Apart from the refactoring of the image aquistion into a service, the app itself is largely unchanged. So how does it work in real life on the Magic Leap 2? Well, it recognizes the airplanes, more or less in the right place, just like HoloLens 2. It also recognizes the DC3 Dakota, even though I never added a picture of that to the training set - but I guess this is more a Unity Barracuda accomplishment than a Magic Leap 2 one. As performance goes on this one, I would say, about on par with HoloLens 2. This surprised me, as I expected it to be faster, having a more beefy processor, but it actually seems to be just that bit slower and have a lower recognition rate than HoloLens 2.

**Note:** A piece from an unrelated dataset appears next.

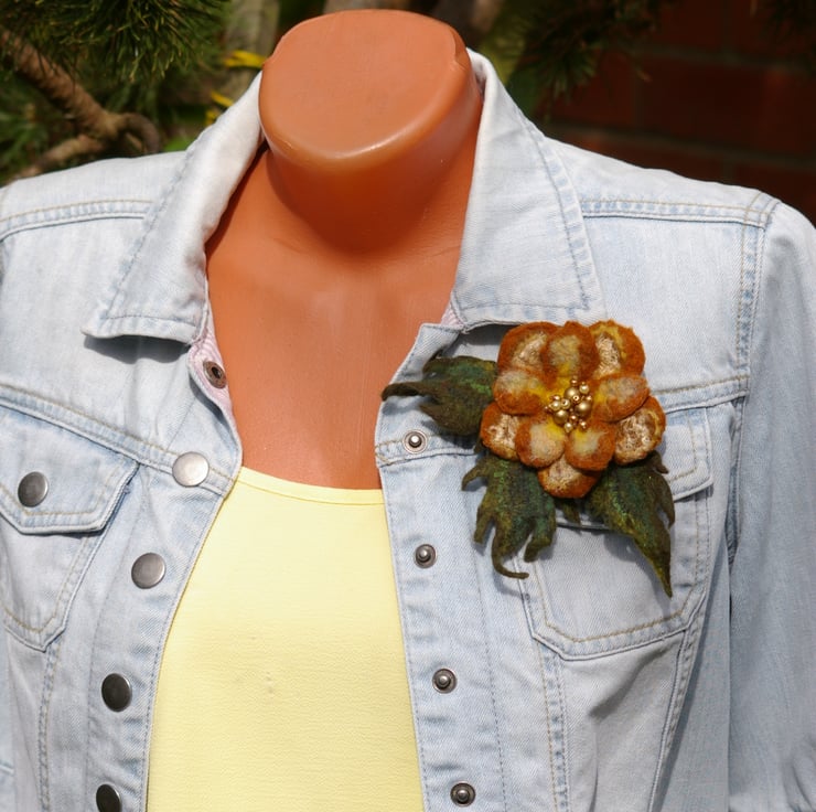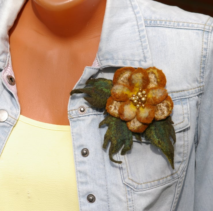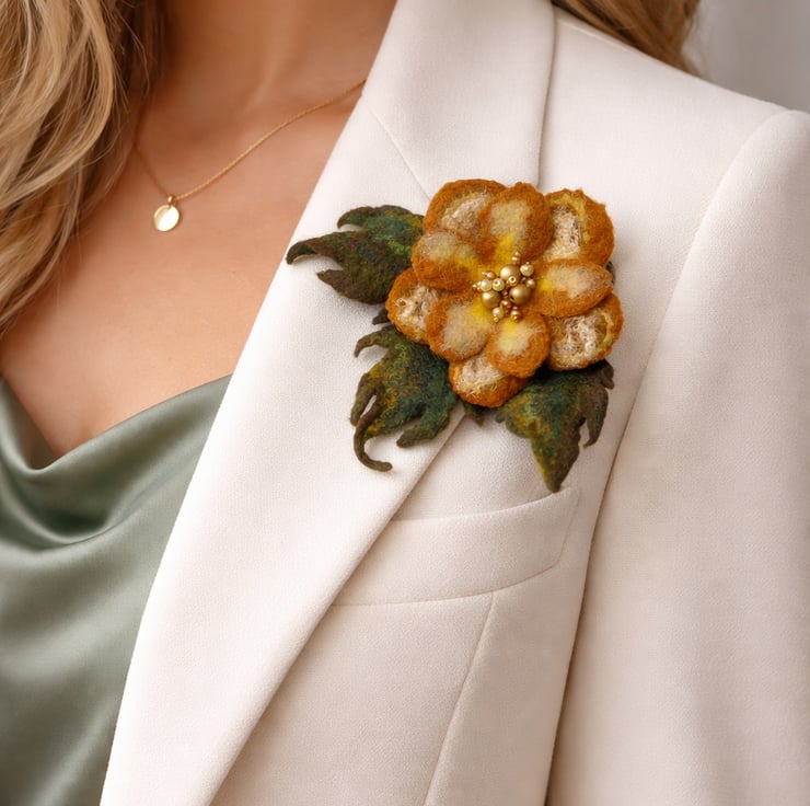 Add a touch of natural beauty to your outfit with this handcrafted felt wool flower brooch. Carefully made by hand, this unique accessory showcases the artistry of traditional felting techniques combined with a modern and elegant design.

Don’t get me wrong - there’s definitely room for improvement here - in my code, that is. I will not even begin to pretend I understand this device as well as I do HoloLens 2. I notice the image I get is a bit grainier than HoloLens 2 delivers. Also, the FOV of the webcam seems to be bigger, which gives some more distortion at the edges - in the sense that the 3D object and the image don’t exactly overlap anymore, and therefore my rather crude approach to locating objects in 3D space based upon the location in a 2D image doesn’t work that well anymore.

I am excited to see Magic Leap 2 can do computer vision in the way as well, which in the light of the current AI wave is a very important feature. In this regard, I think it would be nice if the Magic Leap SDK would implement the WebCamTexture as well. However, since this is a bit of an unusual use case, I can also imagine this having not the highest priority.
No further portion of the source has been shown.